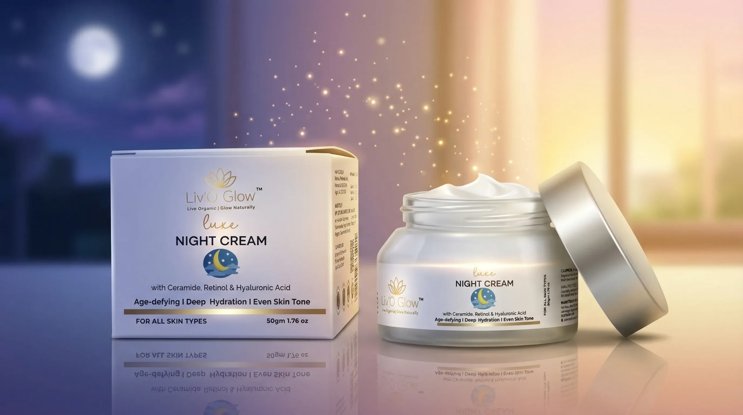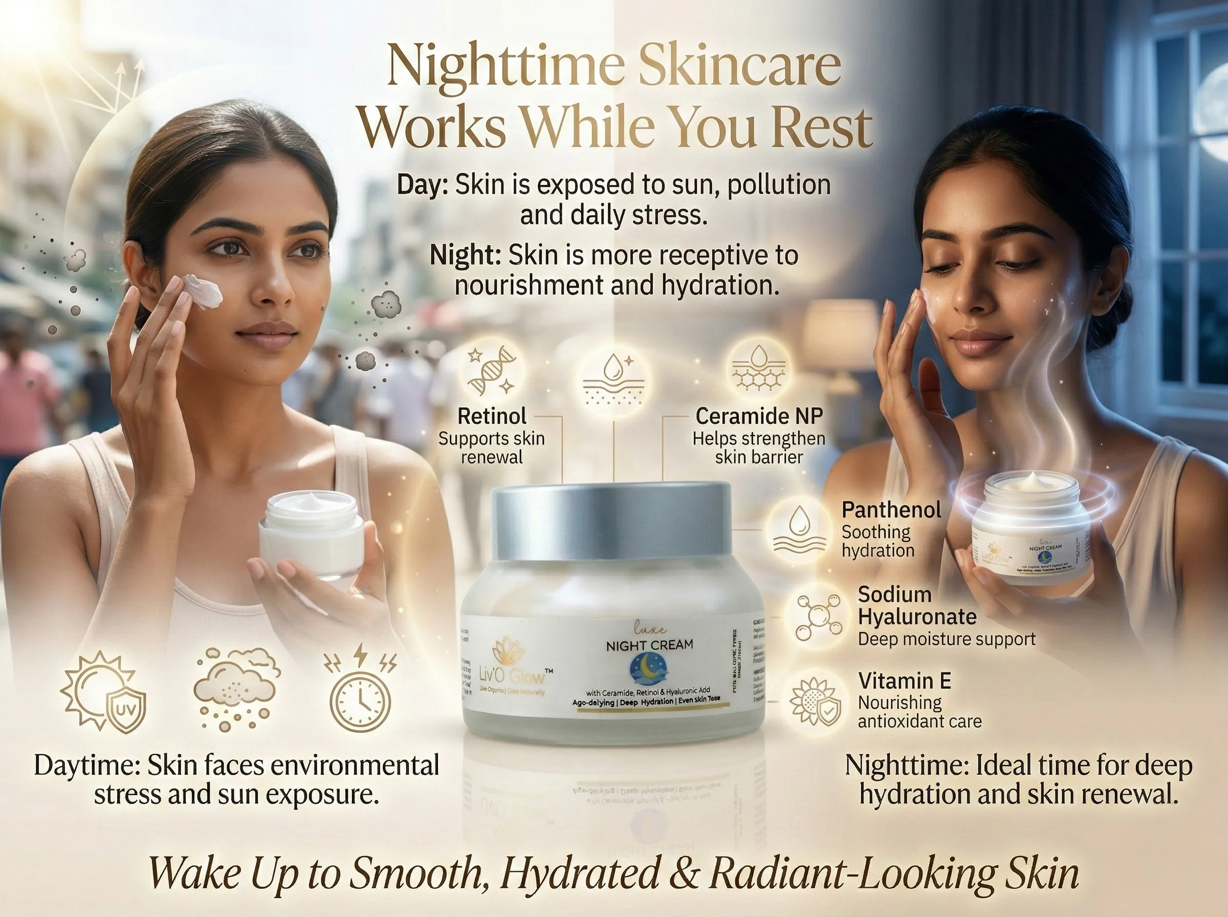 During the night, your skin naturally enters its repair mode. Liv’O Glow Luxe Night Cream works in harmony with this process, delivering powerful hydration and skin-renewing ingredients that help restore your skin’s vitality and youthful glow.
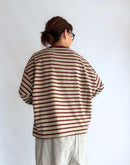 メキシコ産のタコスコットンを使い、先染めのボーダー柄を少し目を詰めて、丁寧に編み上げています。糸にはふっくらとしたふくらみがあり、やさしい風合いが魅力。ほどよい厚みとハリ感があるので、型くずれしにくく、きれいなシルエットをキープしてくれます。0.8×1.5ピッチの秋冬を感じる配色ボーダー生地に。1枚でも様になる肉感とインナーとしても重宝するサイズ感にこだわったアイテムです。日本製
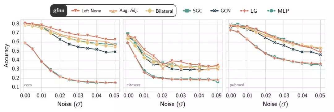 图4:Cora(左)、Citeseer(中)和Pubmed(右)数据集上的基准测试精度。噪声水平通过在特征值上增加白噪声的标准差来测量。
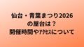 また、東北の祭り紹介ページでは、お祭り期間中に約300店近い店舗の出店が並ぶと紹介されています。
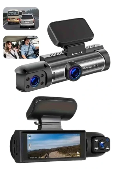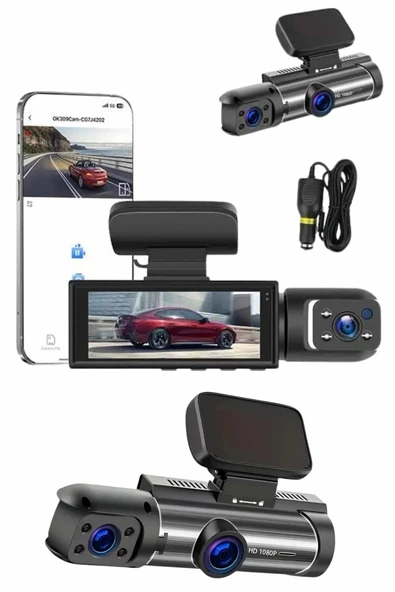 WiFi Destekli Araç Kamerası – 3 inç Ekran, 1080P Ön ve 720P İç Kamera
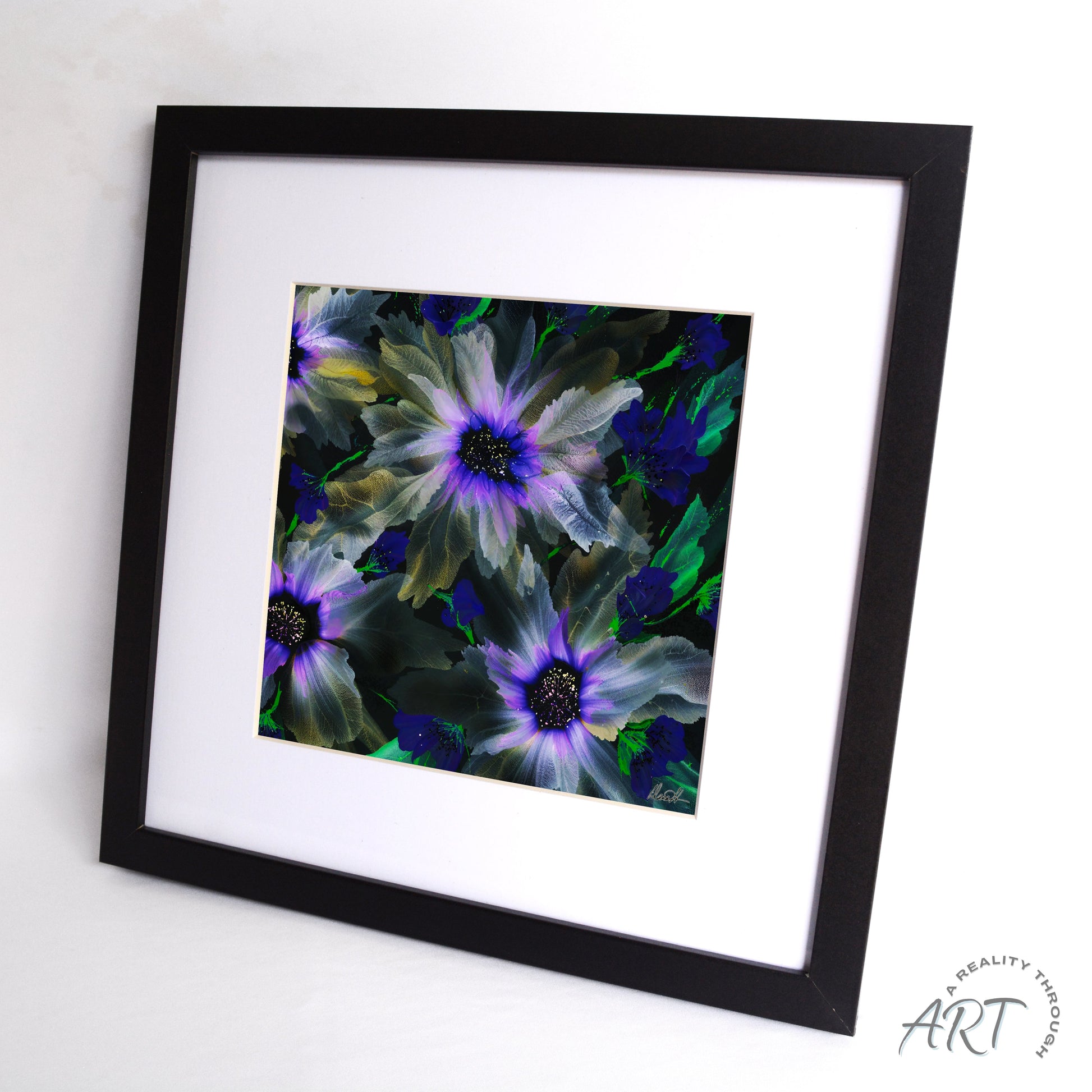 This 12"x12" black-framed art print features an 8"x8" archival matte reproduction of luminous purple petals set against an elegant black background. Finished under glass, the contrast creates a dramatic statement perfect for modern interiors and gallery-inspired walls. Art prints may take up to 10 business days to ship. A luxurious and unforgettable gift.
___
WHAT THIS TASK INVOLVES.
Your output should be the full set of entries above, restated word for word and free of pictures.

TASK RESPONSE.
 During the night, your skin naturally enters its repair mode. Liv’O Glow Luxe Night Cream works in harmony with this process, delivering powerful hydration and skin-renewing ingredients that help restore your skin’s vitality and youthful glow.
 メキシコ産のタコスコットンを使い、先染めのボーダー柄を少し目を詰めて、丁寧に編み上げています。糸にはふっくらとしたふくらみがあり、やさしい風合いが魅力。ほどよい厚みとハリ感があるので、型くずれしにくく、きれいなシルエットをキープしてくれます。0.8×1.5ピッチの秋冬を感じる配色ボーダー生地に。1枚でも様になる肉感とインナーとしても重宝するサイズ感にこだわったアイテムです。日本製
 图4:Cora(左)、Citeseer(中)和Pubmed(右)数据集上的基准测试精度。噪声水平通过在特征值上增加白噪声的标准差来测量。
 また、東北の祭り紹介ページでは、お祭り期間中に約300店近い店舗の出店が並ぶと紹介されています。
 WiFi Destekli Araç Kamerası – 3 inç Ekran, 1080P Ön ve 720P İç Kamera
 This 12"x12" black-framed art print features an 8"x8" archival matte reproduction of luminous purple petals set against an elegant black background. Finished under glass, the contrast creates a dramatic statement perfect for modern interiors and gallery-inspired walls. Art prints may take up to 10 business days to ship. A luxurious and unforgettable gift.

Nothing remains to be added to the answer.